L’affaire met en lumière la relation complexe entre la responsabilité policière et la confiance du public. Cheryl Mahyr, porte-parole du Bureau du directeur indépendant d’examen de la police, m’a confié que les plaintes contre les agents ont augmenté de 27% au cours des trois dernières années. « L’examen public de la conduite policière s’est intensifié, » a expliqué Mahyr, « particulièrement lorsque les agents invoquent leur autorité dans des situations hors service. »
Le président de l’Association des policiers de Toronto, Jon Reid, a reconnu les dommages que causent de tels incidents. « Les actions d’un seul agent peuvent miner le travail dévoué de milliers, » a déclaré Reid dans un communiqué. « Nous respectons la décision de la cour et reconnaissons que la responsabilité s’applique à tous ceux qui portent l’insigne. »
Le Service de police de Toronto a confirmé qu’Au reste suspendu avec salaire, comme l’exige la Loi sur les services policiers de l’Ontario. Une audience disciplinaire distincte déterminera son avenir au sein du corps policier.
L’avocat criminaliste Daniel Brown, qui n’était pas impliqué dans cette affaire mais qui se spécialise dans la responsabilité policière, a expliqué que les peines avec sursis pour les agents sont de plus en plus courantes. « Les tribunaux reconnaissent que l’incarcération n’est pas toujours nécessaire pour la dissuasion, » a dit Brown. « La perte de carrière et de statut public constitue souvent en soi une punition significative. »
L’affaire a relancé les appels à une réforme du système de surveillance policière de l’Ontario. L’Association canadienne des libertés civiles préconise depuis longtemps des modifications à la Loi sur les services policiers, particulièrement la disposition qui permet aux agents de rester sur la liste de paie pendant leur suspension.
« Quand les citoyens voient des agents éviter la prison pour une conduite qui emprisonnerait probablement un civil, cela crée une perception d’un système de justice à deux vitesses, » a déclaré Abby Deshman, directrice du Programme de justice pénale à l’ACLC. « Une véritable responsabilisation doit être transparente et cohérente. »
Pour la victime et sa famille, la sentence représente une clôture partielle d’un chapitre traumatisant. Sa mère, parlant brièvement à l’extérieur du palais de justice, a exprimé des sentiments mitigés. « Nous sommes soulagés que ce soit terminé, mais aucune sentence ne peut défaire ce qui est arrivé à mon fils, » a-t-elle dit. « Nous voulons simplement qu’il se sente en sécurité à nouveau. »

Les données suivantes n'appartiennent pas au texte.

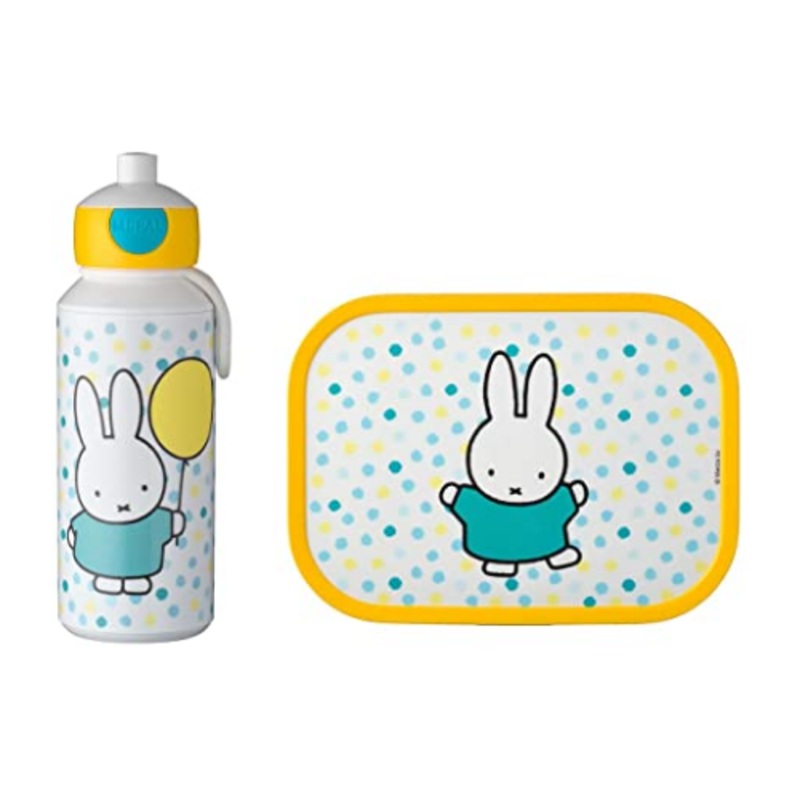 Complete lunch set for every school day. Also very handy for a day out or when playing sports. The lunch set consists of a pop-up bottle and a lunch box with bento box.All set for a new day at school with the lunch set Miffy Confetti from Mepal. This handy

Alors qu’Au quittait la salle d’audience entouré de partisans, un petit groupe de militants pour la responsabilisation policière tenaient des pancartes indiquant « L’insigne ≠ Immunité. » L’affaire pourrait bientôt disparaître des manchettes, mais elle laisse derrière elle d’importantes questions sur le pouvoir, la responsabilité et la relation complexe entre ceux qui appliquent la loi et ceux qui dépendent d’eux pour leur protection.
La prochaine étape de cette saga sera l’audience disciplinaire d’Au, qui pourrait entraîner son renvoi du corps policier. Pour les résidents de Toronto qui suivent attentivement ces affaires, le résultat servira de mesure supplémentaire pour déterminer si la justice s’applique vraiment également à tous – même à ceux qui portent un insigne.